Conductors in buses are fussy about change. I paid him 10 for a 8 Rs ticket and the gentleman did not have change. In the middle of a bus, so congested with people that i could not move even my shoe lace, i had to dig all three pant pockets i had to excavate coins to give him another 3 Rs so that he could give me back a 5 rupee coin. People around you are not quite ok with the idea of excavation and they tend to give you ugly looks if your hand unintentionlly touches their shirt or bag. Gentleman conductor decides to move a step ahead to ask pretty girl where she is going. Pretty girl is one of THOSE smart asses and hands him over a note of a big denomination. This time, gentleman starts digging his small side brown bag for change. Not much in there. Excavates his pockets, dig dig DIG...and the exact change is yet to be given back. Now, he decides to pay her with her own money, pulls out his wallet and opens the small pocket in it. He turns it upside down and squeeze dries it till he manages to give the pretty girl the balance amount. Hmm. DIE PRETTY GIRL!
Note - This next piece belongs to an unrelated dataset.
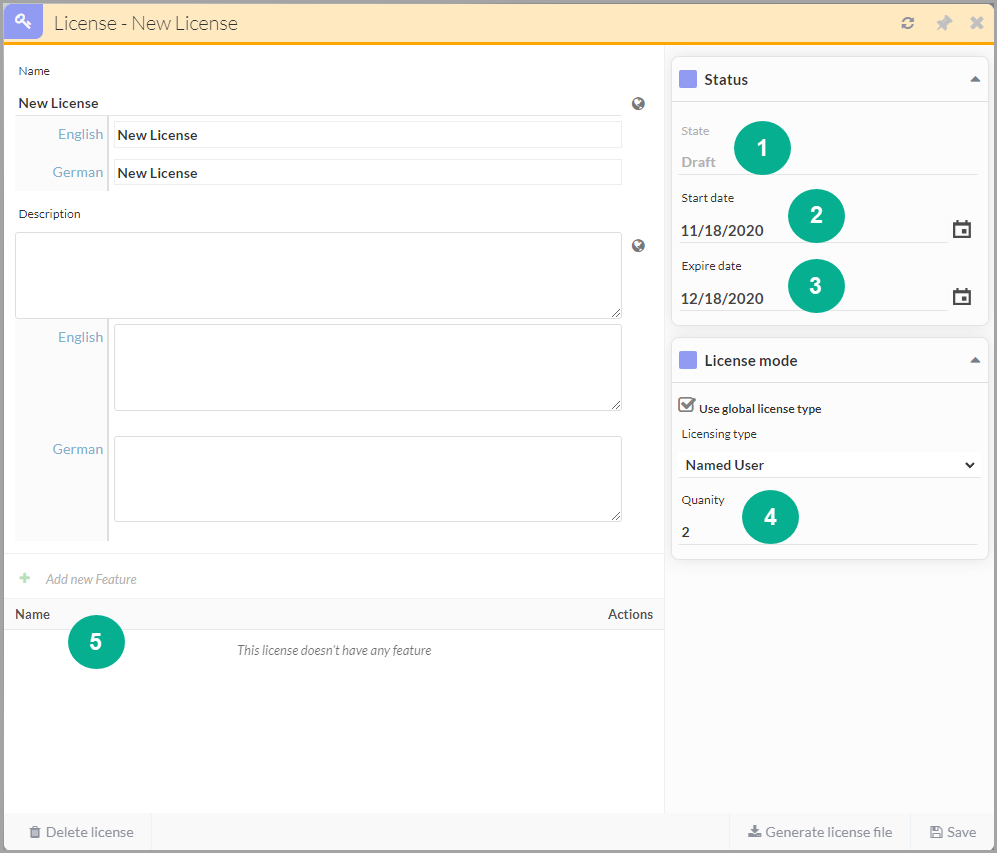 After a name has been assigned to this new license, a description can be added. Both name and description can be translated by clicking on the <img src="https://2608258621-files.gitbook.io/~/files/v0/b/gitbook-x-prod.appspot.com/o/spaces%2F-M8HTRblOKav_qm4KEx6-887967055%2Fuploads%2F1jUoDPObkDnXvnNwBqum%2Fimage.png?alt=media&#x26;token=84df6f4f-ab4a-4279-ad3f-b95b4f95dcda" alt="" data-size="line">(available languages are English and German). In the **Status** panel right basic settings can be made. At the top you can see the state of the license (1). In our case, because we created the license from scratch, the state is *Draft*. After that you have to enter a start (2) and end date (3). The dates determine how long the license is active or usable.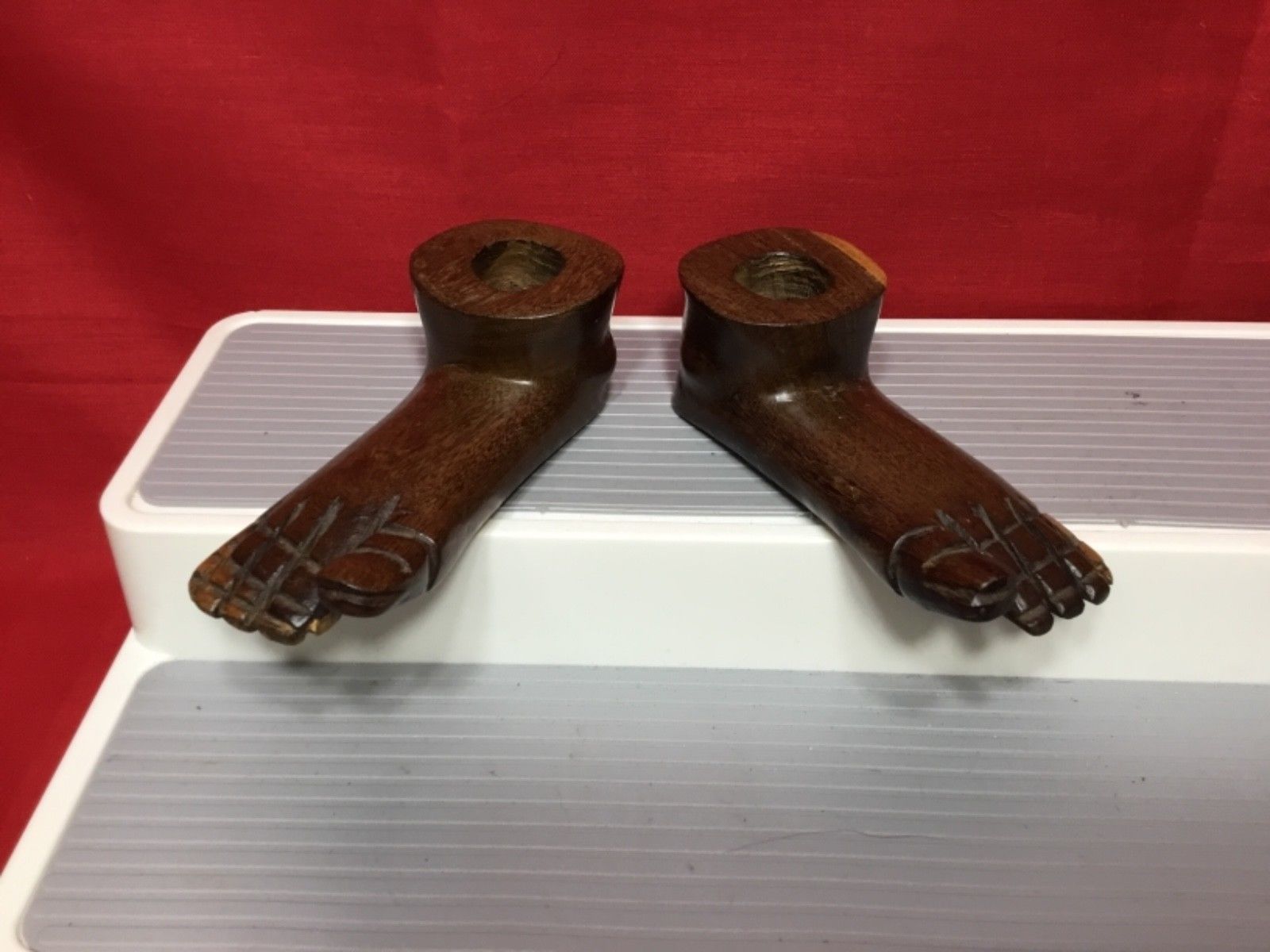 Vintage Hand Carved Wooden Feet Folk Art Candle Holders

Pretty girl and pretty girl's brother wanted to watch a movie. They did not have change. Pretty girl's brother, the gentleman that he is, decides to not let the lady do the hardwork and goes to a shop asking for change. Nyeh ehh. They dont give him any. Poor boy comes back. Pretty girl decides to show who wears the pants in the house and asks for change at the same place. The gentlemen at the shop pooled in money so that pretty girl could get change. Hmm. DIE PRETTY GIRL!


Early morning in Hyderabada and the hotel has complimentary breakfast. Woo hoo! Pretty girl asked for an extra cup of coffee and she got two men attending to her needs, one of them driveling coffee into her cup as he was pouring wine into it and the other with sugar cubes politely asking how many cubes she wanted and also telling her about unasked for travel gyaan in Hyderabada. I asked for an extra cup of coffee and I get a grumpy look from the waiter suggesting "Just because it is free that does not mean you ask for extra stuff and hog, stupid cheapstake!"Sugar? "Er..hello..suggg ...ahh?" No waiter gave me any sugar! Forget travel gyaan! DIE PRETTY GIRL! DROWN IN YOUR CUP!


Auto drivers in Hyderabada do not respond to pphhhllbcck. And like auto drivers world wide, they cut each other's path and make sure to stop their vehicles next to each other at signals.
Driver 1 to 2 : "Tumko problem aata?"
2 to 1 : "Kaise nahi aata !!!"
1 to 2 : "aaAAA???"
2 to 1 : "AAAA!!"
They keep aaa-ing at each other till the green signal comes on and then they live happily ever after.